Incydent na miesięcznicy. Ostra wymiana zdań Błaszczaka z protestującymi
Podczas miesięcznicy smoleńskiej doszło do spięcia między posłem PiS Mariuszem Błaszczakiem a protestującymi. - Macie uszanować pamięć nieżyjących. Boli mnie oczernianie nieżyjącego człowieka, który bardzo wiele zrobił dla Polski i przestrzegał przed zagrożeniem ze strony Putina. Wy znieważacie! - krzyczał polityk.
We wtorek czołowi politycy PiS pojawili się przy pomniku smoleńskim na warszawskim placu Piłsudskiego. Wśród nich byli m.in. prezes PiS Jarosław Kaczyński, Antoni Macierewicz, Mariusz Błaszczak, Anita Czerwińska, Piotr Gliński czy Dariusz Matecki.
Po złożeniu wieńca i modlitwie szef klubu PiS Mariusz Błaszczak wdał się w ostrą wymianę zdań z uczestnikami kontrmanifestacji. Jak informuje Onet, spór dotyczył m.in. kontrowersyjnego wieńca, który Jarosław Kaczyński regularnie niszczy bądź zabiera spod pomnika.
Portal informuje, że wokół samochodu, którym podróżował Jarosław Kaczyński, zgromadziło się wiele osób, co przez chwilę uniemożliwiło prezesowi odjazd. Protestujący wykrzykiwali w kierunku prezesa PiS wulgarne hasła. Na transparentach widniały napisy, których autorzy nazywali szefa PiS "szmatą".

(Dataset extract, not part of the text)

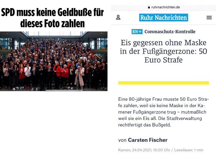 В это же время бабушка 80 лет должна заплатить 50 евро штрафа за то, что шла по улице без маски.

"Jarosławie, nie zagłuszaj sumienia tym cyrkiem", "Nawet w tej sprawie kłamiecie" - słychać było z tłumu. To wywołało wzburzenie byłego szefa MON.
Błaszczak: Macie uszanować pamięć nieżyjących.
- Na tym wieńcu jest oszczerczy napis zgodnie z propagandą Putina. Wiecie, że jest wojna, a poprzez to, co wypisujecie, wpisujecie się w narrację i propagandę Putina. Czy wam nie wstyd?! - mówił wzburzony Błaszczak.
Były szef MON podkreślał, że "nieżyjących nie wolno szkalować". - Macie uszanować pamięć nieżyjących. Boli mnie oczernianie nieżyjącego człowieka, który bardzo wiele zrobił dla Polski i przestrzegał przed zagrożeniem ze strony Putina. Wy znieważacie! Proszę się jeszcze raz nad tym zastanowić! - krzyczał poseł PiS.